JEE Advanced 2024 Paper 1 Q04 Physics Mechanics Spring-Block Medium

JEE Advanced 2024 Paper 1 · Q04 · Spring-Block

A block of mass $5\,\text{kg}$ moves along the $x$-direction subject to the force $F = (-20x + 10)\,\text{N}$, with the value of $x$ in metre.

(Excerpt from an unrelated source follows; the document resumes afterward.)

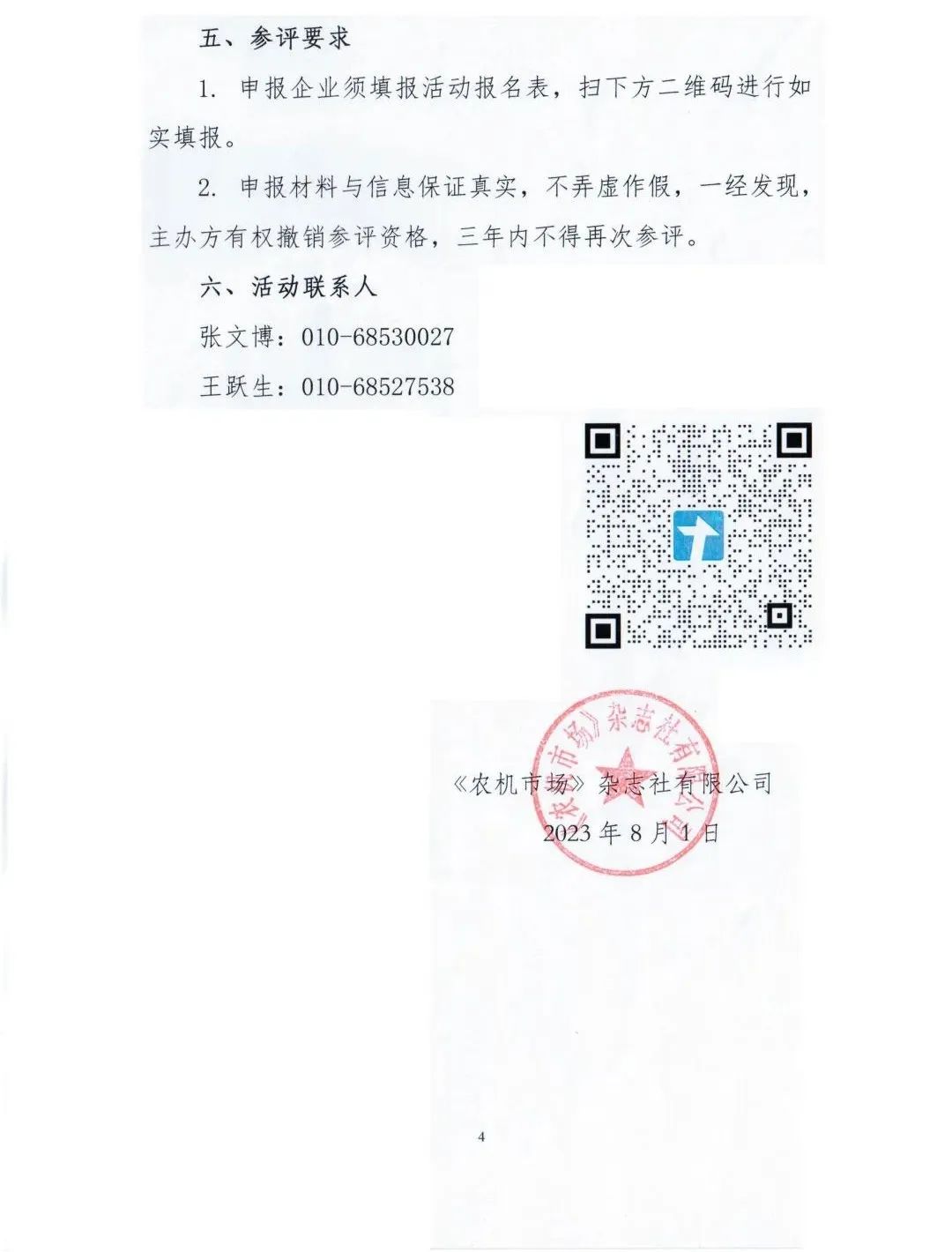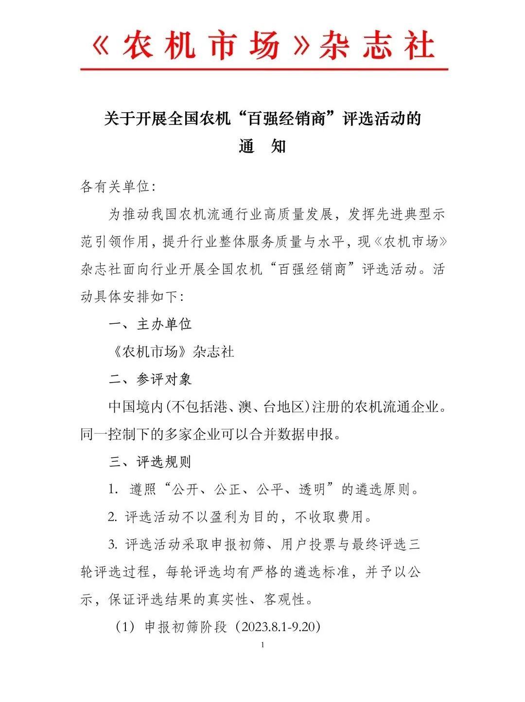 为推动我国农机流通行业高质量发展,发挥先进典型示范引领作用,提升行业整体服务质量与水平,由中国农业机械流通协会主办的《农机市场》杂志社现面向行业开展全国农机“百强经销商”评选活动。

At time $t = 0\,\text{s}$, it is at rest at position $x = 1\,\text{m}$. The position and momentum of the block at $t = (\pi/4)\,\text{s}$ are

  1. A. $-0.5\,\text{m},\ 5\,\text{kg m/s}$
  2. B. $0.5\,\text{m},\ 0\,\text{kg m/s}$
  3. C. $0.5\,\text{m},\ -5\,\text{kg m/s}$
  4. D. $-1\,\text{m},\ 5\,\text{kg m/s}$
Reveal answer + step-by-step solution

Correct answer:C

Solution

Equation of motion: $m\ddot x = -20x + 10 \Rightarrow \ddot x = -4(x - \tfrac{1}{2})$. Letting $u = x - \tfrac{1}{2}$, $\ddot u = -4u$ — SHM with $\omega = 2\,\text{rad/s}$ about the equilibrium $x_{eq} = 0.5\,\text{m}$. Initial conditions: $x(0) = 1$, $\dot x(0) = 0$, so $u(0) = 0.5$, $\dot u(0) = 0$. Therefore $u(t) = 0.5\cos(2t)$, i.e., $x(t) = \tfrac{1}{2} + \tfrac{1}{2}\cos(2t)$, $\dot x(t) = -\sin(2t)$. At $t = \pi/4$: $x = \tfrac{1}{2} + \tfrac{1}{2}\cos(\pi/2) = 0.5\,\text{m}$, $\dot x = -\sin(\pi/2) = -1\,\text{m/s}$. Momentum $p = m\dot x = 5 \cdot (-1) = -5\,\text{kg·m/s}$.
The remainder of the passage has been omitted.